Latest revision as of 12:47, 26 April 2021

Find the number of permutations of $AAABBC$ such that at exactly two $A$s are adjacent, and the $B$s are not adjacent.

$\textbf{(A)} ~21 \qquad\textbf{(B)} ~22 \qquad\textbf{(C)} ~23 \qquad\textbf{(D)} ~24 \qquad\textbf{(E)} ~25$

Solution

We can use casework counting to solve this problem.

The first case is $AA\_\_\_\_$. Since $B$ cannot be adjacent, then there are three such cases. there are $2!$ for each of the case. However, $A$ cannot be adjacent, therefore, there are $5$ such arrangements.

The second case is $\_AA\_\_\_$. There are total of $4$ possible cases for B to not be adjacent.
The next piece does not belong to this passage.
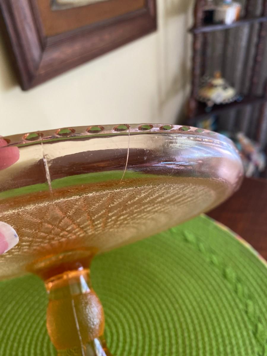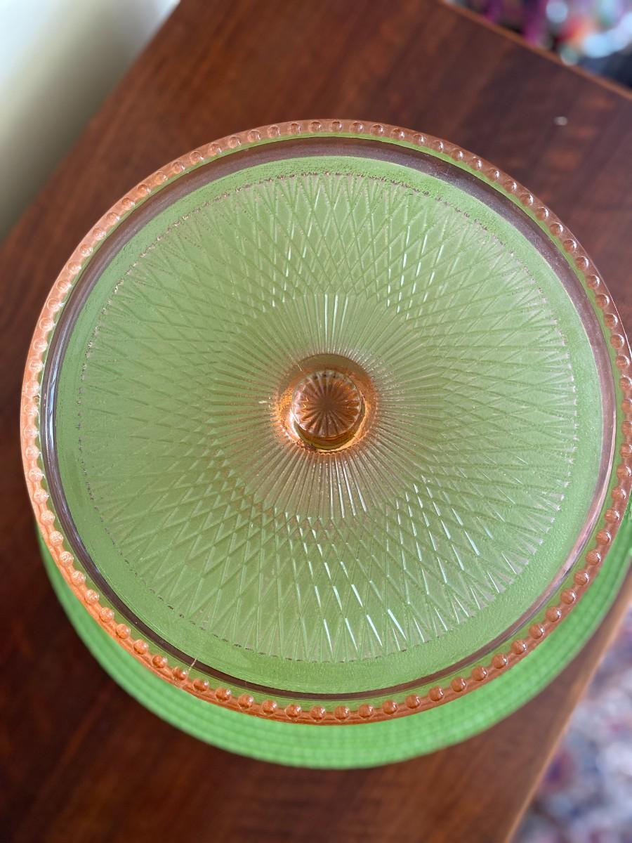 Beautiful Vintage Pink Pressed Glass Cake Dish

There are $1+1+1+2=5$ total possible such arrangements. By symmetrical counting, the first case is the same as $\_\_\_\_AA$ and the second case is the same as $\_\_\_AA\_$.

The last we want to find is the number of arrangements of $\_\_AA\_\_$. For this case, there are total of $4$ possible placement of two $B$s to avoid adjacency. Each has $1$ arrangement. Therefore, there are total of $4$ such arrangements. $5+5+5+5+4=\fbox{\textbf{(D)} 24}$.